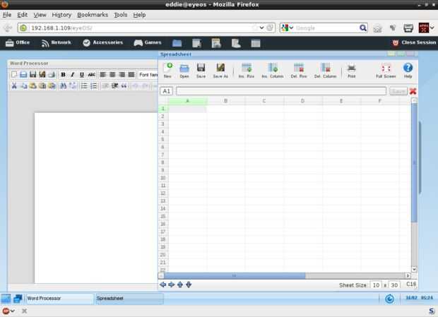 EyeOS es tipo de interfaz gráfica de usuario web por escritorio, tiene un procesador de textos, hoja de cálculo y muchas otras características. Es perfecto para touchpads, laptops y desktops incluso acceder de forma remota. es fácil de instalar también. No bases de datos de por sí a tratar. Me encanta para usar con mi touchpad (también conocido como el Chumby). Si lo usas en casa, realmente no necesita un montón de recursos a utilizar. De hecho, me encontré una versión anterior en un viejo Cisco Linksys Nslu2 (con debian etch instalado). eyeOS debe ejecutarse en más cualquier sistema que se runniing el servidor web Apache o similar. (es decir, MSWindows, OS / X, BSD, Linux o etc..)
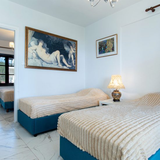 RENOVATED Family room 35 sqm facing the sea, the pool with direct view to Athos and the deep blue. The room consists of two bedrooms, one bathroom and two balconies or two terraces with a comfortable living area. On the first room there is one double bed, on the second room two single beds. Ideal for families! Closet-wardrobe, sat TV, Safe, Air condition, fridge, water boiler, bathroom amenities, hair dryer. FREE WiFi. NO SMOKING
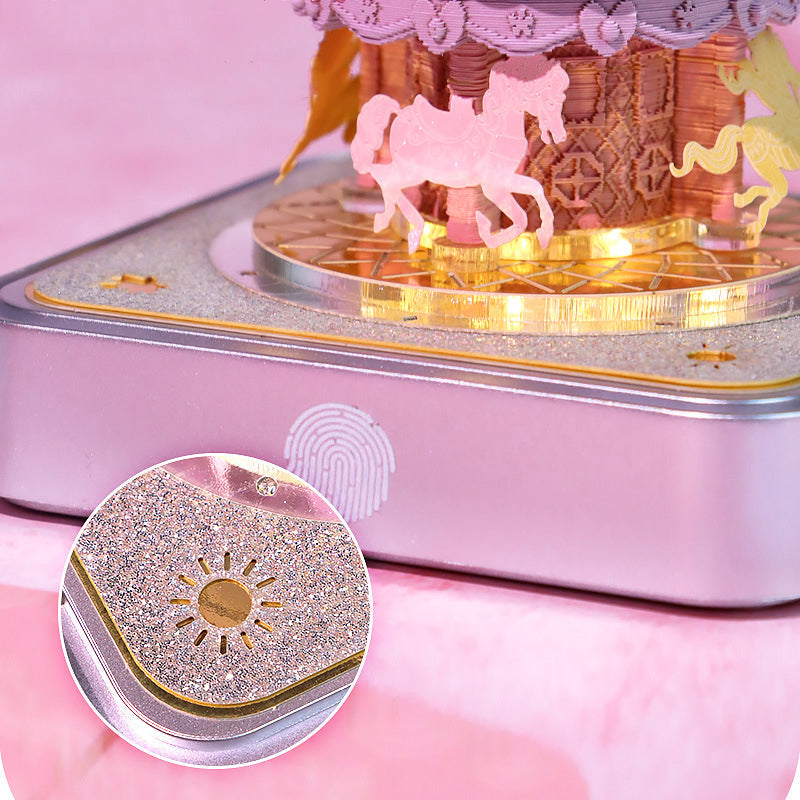 • Verwandlung in ein Nachtlicht: Verfügt über einen stufenlosen Touch-Schalter, der das Karussell mit einem sanften, farbenfrohen Leuchten erhellt und eine fantasievolle und romantische Atmosphäre schafft.
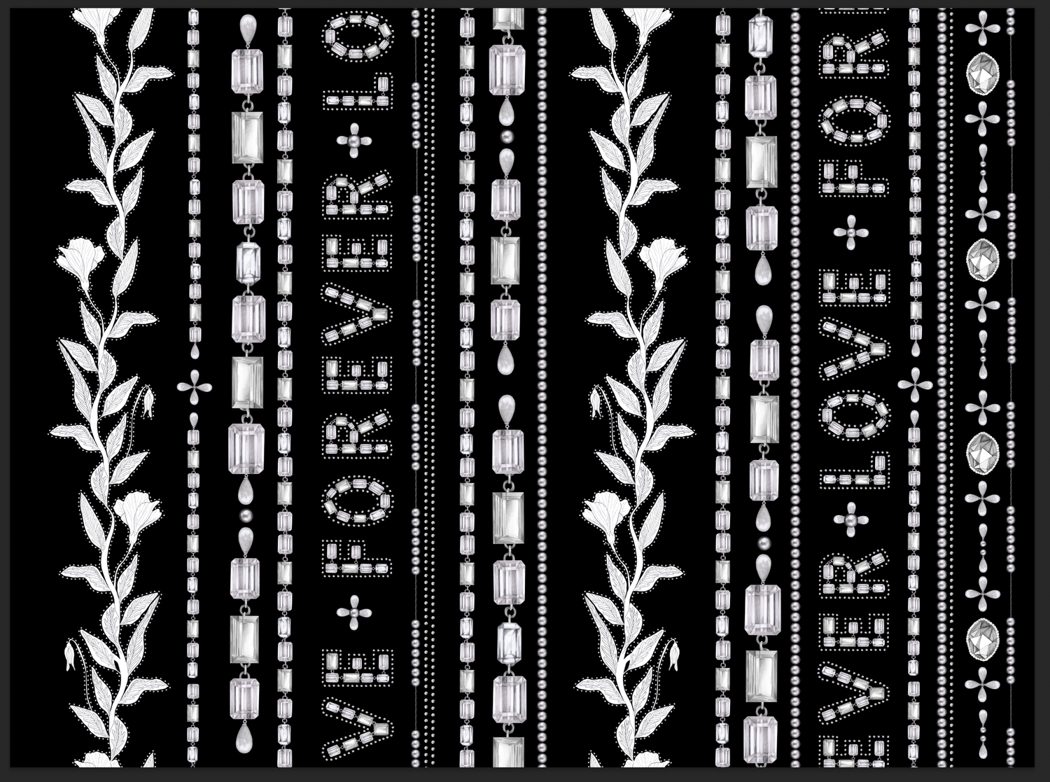 It is set in diamonds, gemstones pearls and strass, so it must be true. The flowers that creep up are inspired by the artform of embroidery. Decorated with the strass that follow the outline.
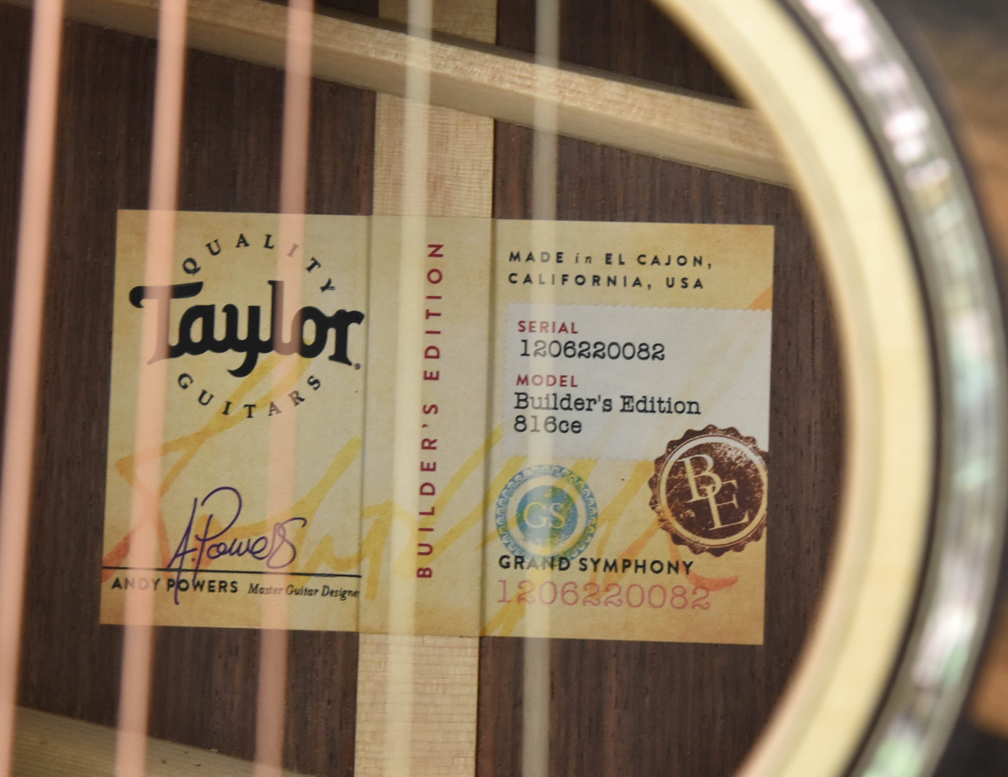 Leading the way for our newly redesigned Grand Symphony body shape, the Builder’s Edition 816ce highlights the transformative Taylor design philosophy with lovingly crafted contours, an expansive acoustic tone, and player-focused enhancements. The ultimate playing experience begins with Indian rosewood back and sides paired with a Lutz spruce top, offering all the low-end warmth and sparkle you’d expect from the classic rosewood/spruce combination with additional bloom and resonance added by V-Class bracing. But this Builder’s Edition model truly shines in the details, starting with its most significant innovation: the soundport cutaway. Crafted to resemble a partial Florentine cutaway, the design keeps the guitar’s full back intact while still allowing easy access to the high-register frets. The additional soundhole adds a truly new dimension of acoustic sound, creating a wide-angle sound that would fit as well in a classical orchestra as it would a rock band or a fingerstyle solo act. For aesthetics, we’ve appointed this model with a host of our most player-centric features, including figured maple binding with chamfered edges and rosewood edge trim, a single-ring rosette in green abalone, Windansea inlays in shell and mother-of-pearl, and ultra-precise Gotoh 510 tuners in antique gold. The guitar ships with ES2 electronics in a deluxe Taylor hardshell case.
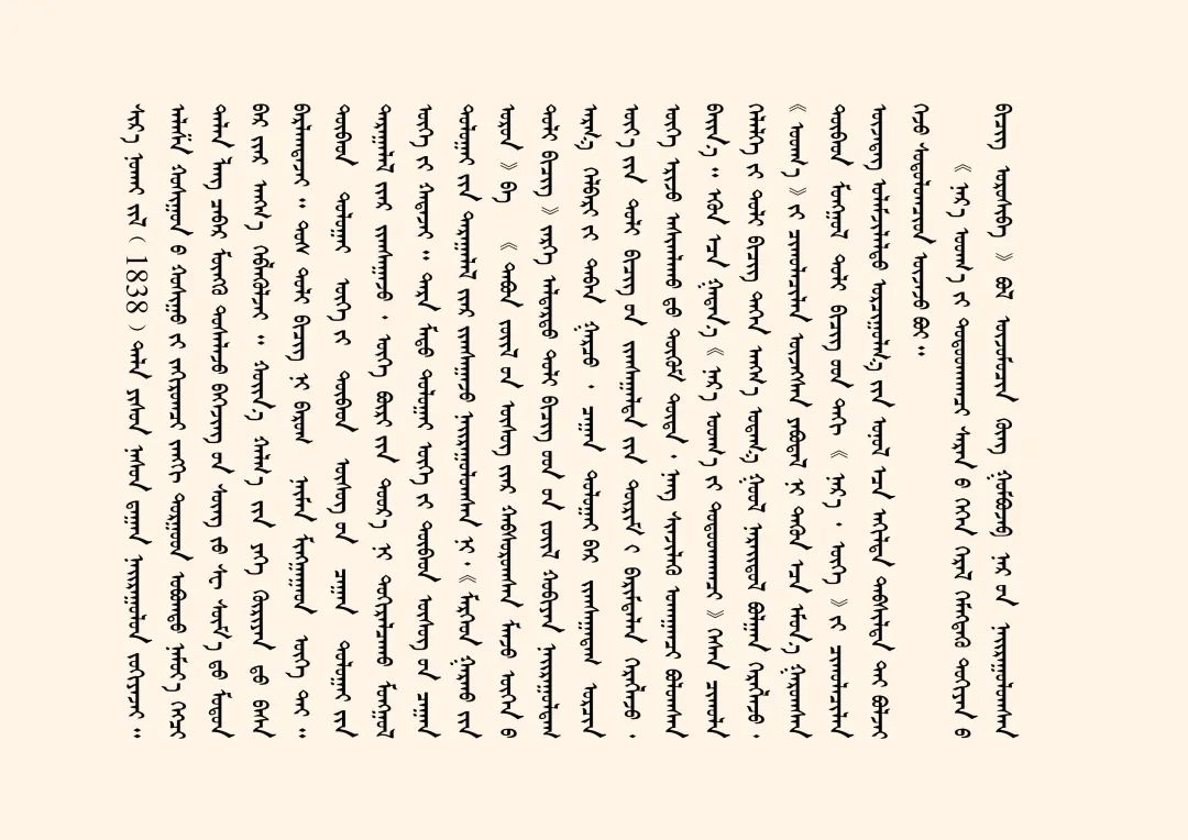 藏蒙對照詞典《詳解月光辭典》又稱《浩月輝映詞典》,該詞典由阿拉善拉隆巴阿旺丹德爾編著,清道光十八年(1838)北京嵩祝寺木刻本。1卷,139葉,頁面尺寸10.6×56厘米,版框尺寸7.5×49厘米,四周雙欄,梵來裝。每頁以藏蒙、藏蒙四行為階梯排列,每列35行,每行1字。頁面左側(cè)有藏文頁碼,右側(cè)有漢字《永》和漢文頁碼。
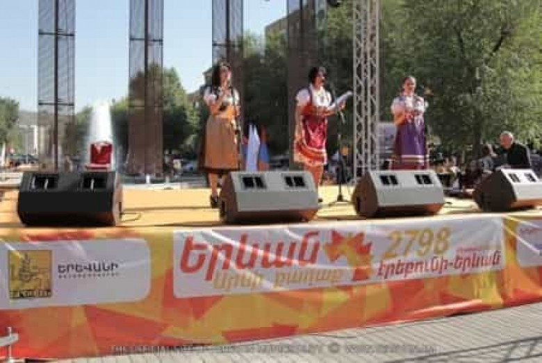 Հանրապետության հրապարակին հարակից Խաչքարերի պուրակում ազգային փոքրամասնությունների համույթներն ու անհատ կատարողները համերգային ինքնատիպ ծրագրով ողջունել են Արևի քաղաք Երևանի ծննդյան օրը: Համերգին, ի դեպ, մասնակցել են նաև մարզերից եկած համույթներ ու անհատ կատարողներ: Ընդհանուր առմամբ միջոցառմանը մասնակցել է ազգային փոքրամասնությունների 10 համայնք, այդ թվում` ռուսական, ուկրաինական, բելառուսական, լեհական, վրացական, հրեական, ասորական, քրդական, եզդիական և հունական համայնքները:
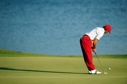 第三, 高尔夫球手比赛时没有号码和运动衣。什么运动没有专门服装呢?但高尔夫服饰的选择完全是个人习惯与品位问题。精心设计的高品质、高价格高尔夫服饰是首选。通常上衣较多的是长袖或短袖的T恤(poloshirt)为主要款式的运动杉;裤子(不论长裤或短裤)是纯棉或纯毛的西裤。近年来高尔夫服装时装化的倾向越来越明显。讲究和挑剔的球手度身定造适合自身体型的服装,装点了球场的色彩,流露出贴近大自然的动人色调和简约纯美的清新气息。打高尔夫球时还可以戴帽子和护目镜,这是在常规的运动中很难看到的。
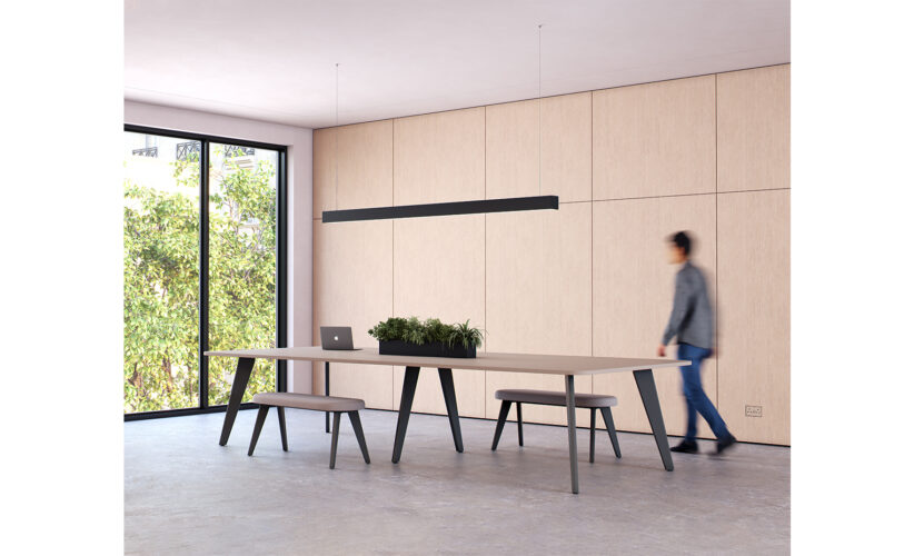 Arby is Moventi’s latest wooden legged furniture family. The collection features bench desks, standalone workstations, collaboration tables and meeting room tables.
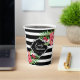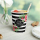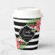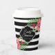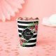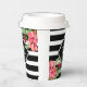 Black and white geometric stripes and pink exotic flowers. Customisable paper cup template
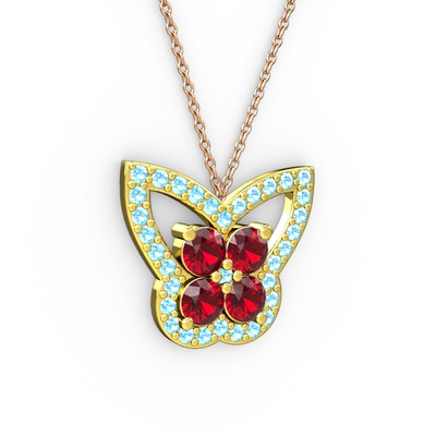 Akuamarin ve garnet 8 ayar altın kolye (40 cm gümüş rolo zincir)

····················

Work instruction: Repeat exactly the lines from the one containing "Arby is Moventi’s" through the last line of the records above, both included, and leave out the pictures.

Result of this exercise:
 Arby is Moventi’s latest wooden legged furniture family. The collection features bench desks, standalone workstations, collaboration tables and meeting room tables.
 Black and white geometric stripes and pink exotic flowers. Customisable paper cup template
 Akuamarin ve garnet 8 ayar altın kolye (40 cm gümüş rolo zincir)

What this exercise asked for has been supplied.